Ich habe schon zwei Mal über dieses Thema geschrieben (Warum Memoiren schreiben gut tut und Memoiren – mehr als nur Erinnerung ) und möchte euch mit diesem Interview einfach noch einmal daran erinnern, dass diese Selbstreflexion des eigenen Lebens - oder auch nur besonderer Lebensabschnitte - eine wichtige Entwicklungsaufgabe im Alter ist. Es geht nicht darum sich zu beweihräuchern, auch nicht um sentimentales Schwelgen oder vielleicht auch nur an Altem festzuhalten. Es geht um Reflexion, sich darüber klar zu werden was wichtig und schön war und was nicht (!) und darum, mit sich und dem eigenen Weg im Reinen zu sein.

Memoirenschreiben ist inzwischen in der Altersforschung als identitätsstiftende und besonders sinnvolle Tätigkeit anerkannt [i]. Studien zeigen, dass Menschen, die sich mit ihren autobiografischen Erinnerungen beschäftigen, weniger depressiv und geistig beweglicher sind. Das trifft allerdings nicht zu, wenn in der Biographiearbeit nur die Vergangenheit glorifiziert oder primär anderen Menschen oder der Zeitgeschichte oder den Umständen Schuld zugewiesen wird.

 

Foto Helga Prazak: Im Helikopter unterwegs zu einer Produktionsanlage

 

Hier meine TAKEAWAYS, die euch vielleicht INSPIRIERen, diesen Schritt zu machen.

  • Wir kennen Memoiren meist nur von Celebrities und die schreiben mit einem bestimmten Fokus für ein Publikum. Aber ehrlich: Am interessantesten ist doch mein eigenes Leben! Auch, wenn es nach außen nicht so spektakulär war, wie das der Celebrities. Jedes Leben ist reich an Erfahrungen!

  • Natürlich kennen wir uns, aber durch die bewusste Auswahl der Erinnerungen triffst du eine bewusste Entscheidung, was dir wichtig ist.

  • Die Form (schriftlich oder als Tonaufnahme), der Umfang, die Zielsetzung oder der Lebensabschnitt sind völlig frei wählbar, es muss einfach nur zu dir passen und dir etwas bedeuten.
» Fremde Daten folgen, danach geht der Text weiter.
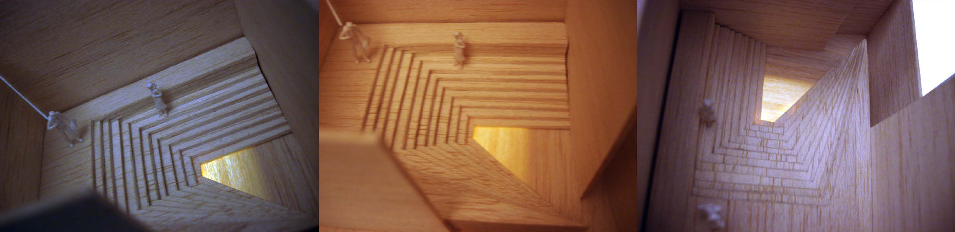 En este memoria l, se trata de seguir un recorrido a veces estrecho, remata en una serie de escaleras que nacen de un mismo punto geométrico, a su vez al interior el objeto esta envuelto en muros con una ranura vertical que permite el paso de la luz. La intención es generar un recorrido de día en donde al final de las escaleras no quede mas que voltear y ver el cielo.

  • Entscheidend ist, WIE man zurückschaut, also die Einstellung dazu. Schaut man voll Wehmut zurück und führt sich permanent vor Augen, was man alles jetzt nicht mehr hat, oder hält voll Ärger und Groll nur solche Situationen fest, so führt das zur Verbitterung und die tut niemandem gut, schon gar nicht unserer Gesundheit!
    Man kann aber auch neugierig zurückschauen, was man Neues im eigenen Leben entdeckt, jetzt, wo man Abstand hat und um viele Erlebnisse reicher ist. So kann man sich die “eingebrachte Ernte” anschauen: Gutes und Schlechtes, und möglichst ohne Wertung. Und dann kommt der entscheidende Schritt: an dieser Stelle hast du die große Freiheit der persönlichen Einstellung dazu.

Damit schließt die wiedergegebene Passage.